[RAW DATA]
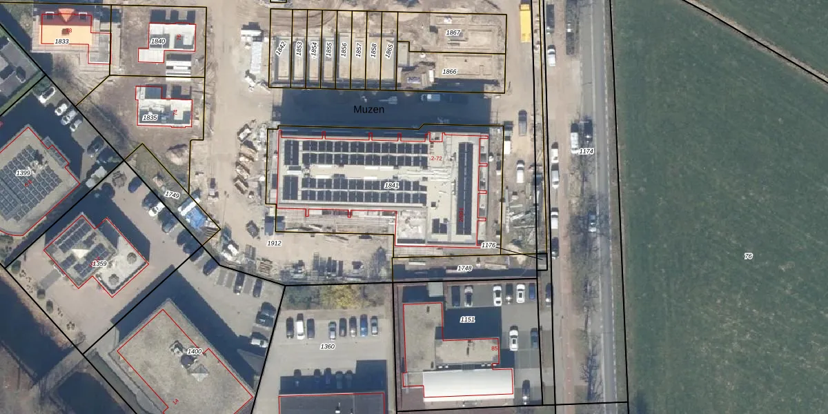 Het perceel waarop Muzen 30 staat heeft een oppervlakte van 1585 m². Dit is een zeer groot perceel. De perceeloppervlakte wordt geregistreerd door het Kadaster. Gedetailleerde informatie over de maten van dit perceel kunt u vinden in het rapport Kadastrale kaart met maatvoering van Muzen 30.
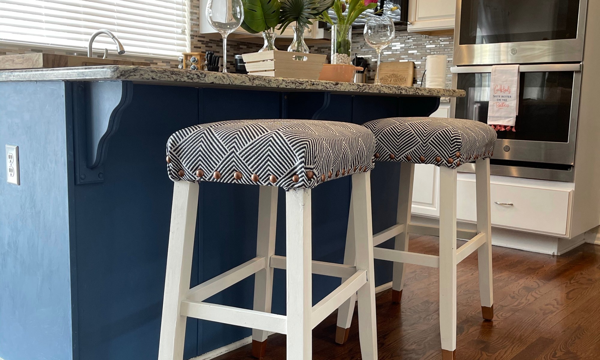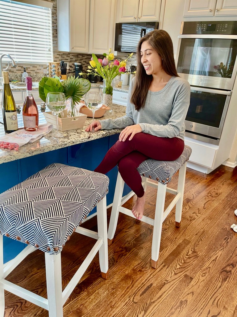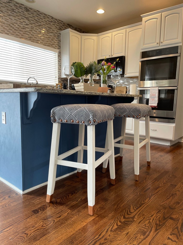 Here is how it turned out. I was able to make it look more custom with the small details like adding the metallic tips and the decorative tacks. The fabric I used was for outdoor furniture so it is super durable and easy to clean. I loved how they turned out but now I think they are a little too modern for our Kitchen so I will need to do some more modern updates to our Kitchen but that’s for another blog post.
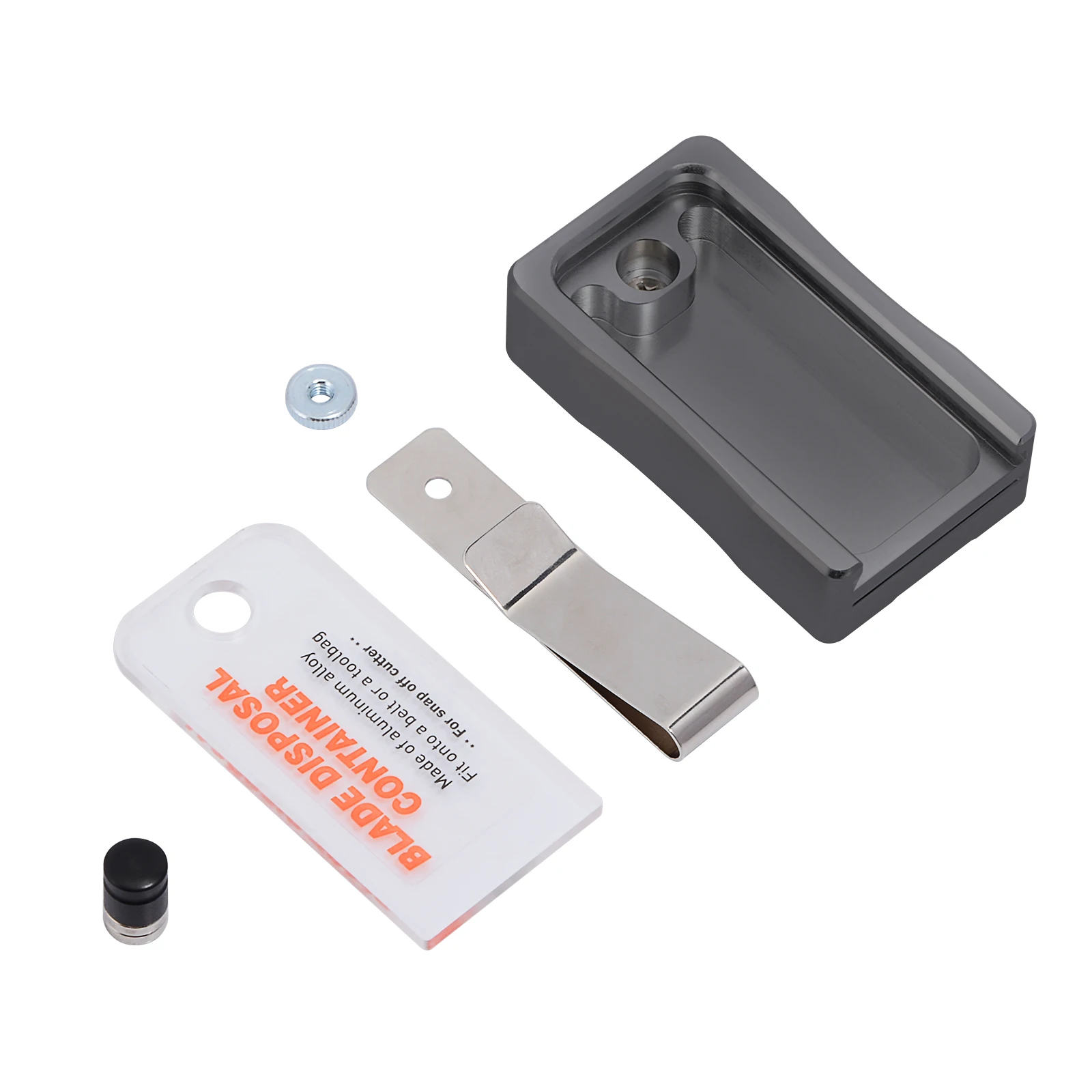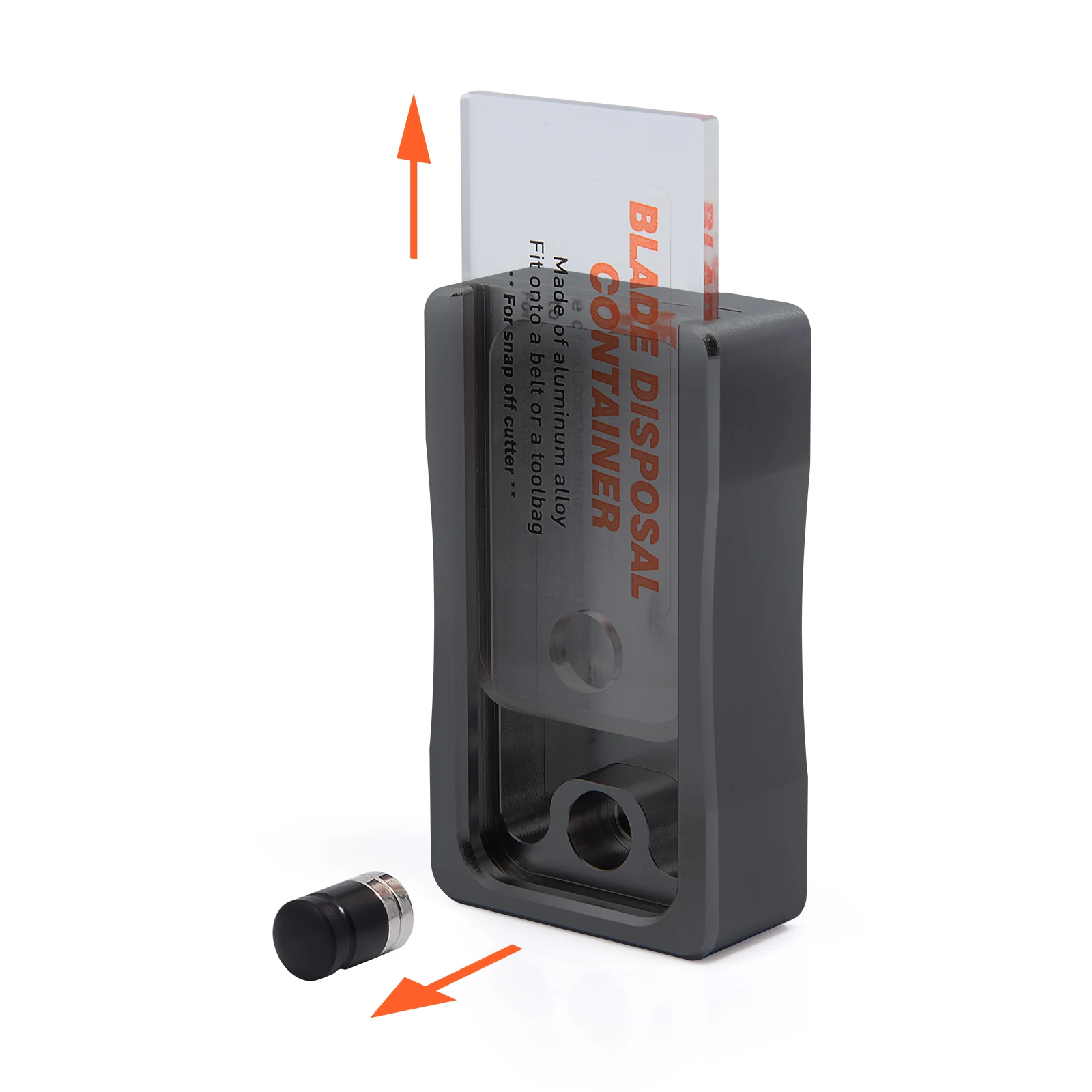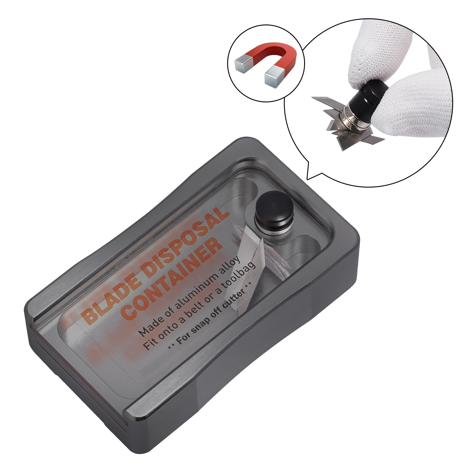 Посылка включает в себя: чехол для удаления лезвия 1 шт. В комплект не входит нож. Параметры 1. Материал: алюминиевый сплав, магнит, пластик 2. Размеры: 3,1*1,8*0,8 дюйма/8*4,6*2 см 3. Применение: для удаления лезвий и хранения использованных лезвий. Особенности 1. Магнитный штекер внутри для безопасного хранения использованного лезвия. 2. Подходит для 0,9-1,8 см в ширину лезвия, прочный алюминиевый сплав для того, чтобы быстро обрыва. 3. Очистите бак лезвия, легко удаляя магнитную вилку. 4. С крючком для удобной переноски.
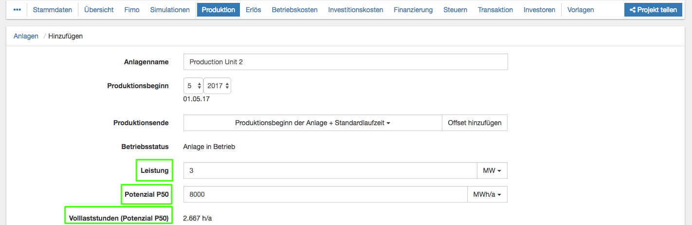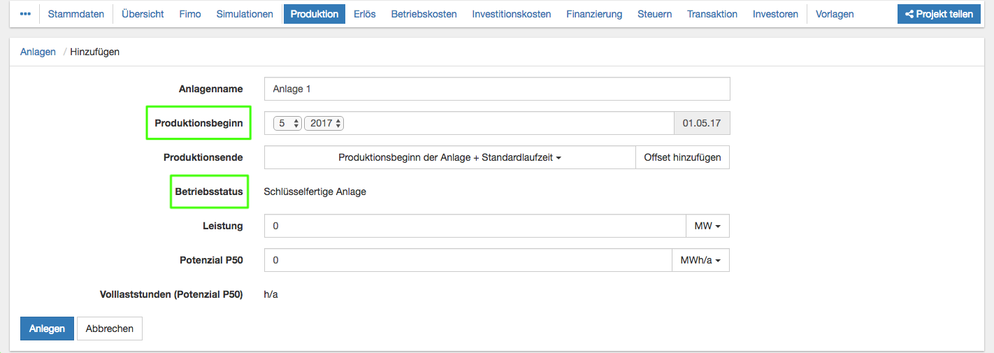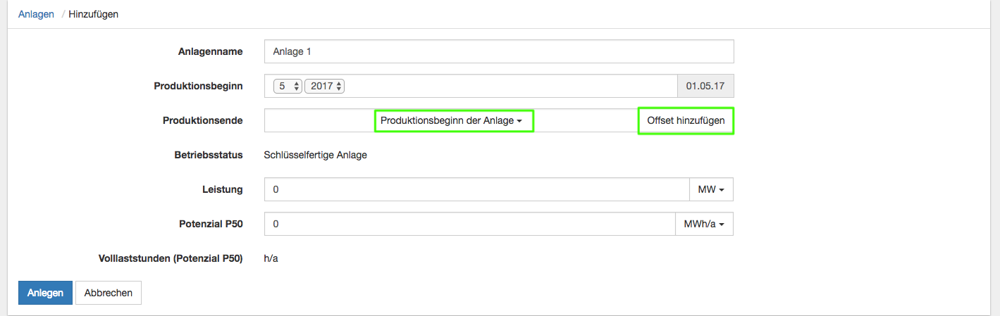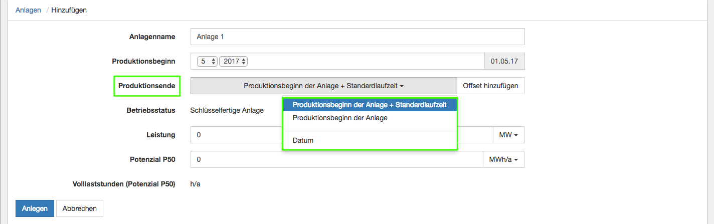 - Bei einer Laufzeit, die von der Standardlaufzeit abweicht, wählen Sie "Produktionsbeginn der Anlage" und "Offset hinzufügen". Dabei geben Sie als Offset die gewünschte Laufzeit (in Monaten oder Jahren möglich) ein.

[THE TASK]
All that is required is an exact reproduction of the lines from the one containing "Посылка включает в" to the final line of the listing above, pictures omitted.

[RESULT]
 Посылка включает в себя: чехол для удаления лезвия 1 шт. В комплект не входит нож. Параметры 1. Материал: алюминиевый сплав, магнит, пластик 2. Размеры: 3,1*1,8*0,8 дюйма/8*4,6*2 см 3. Применение: для удаления лезвий и хранения использованных лезвий. Особенности 1. Магнитный штекер внутри для безопасного хранения использованного лезвия. 2. Подходит для 0,9-1,8 см в ширину лезвия, прочный алюминиевый сплав для того, чтобы быстро обрыва. 3. Очистите бак лезвия, легко удаляя магнитную вилку. 4. С крючком для удобной переноски.
 - Bei einer Laufzeit, die von der Standardlaufzeit abweicht, wählen Sie "Produktionsbeginn der Anlage" und "Offset hinzufügen". Dabei geben Sie als Offset die gewünschte Laufzeit (in Monaten oder Jahren möglich) ein.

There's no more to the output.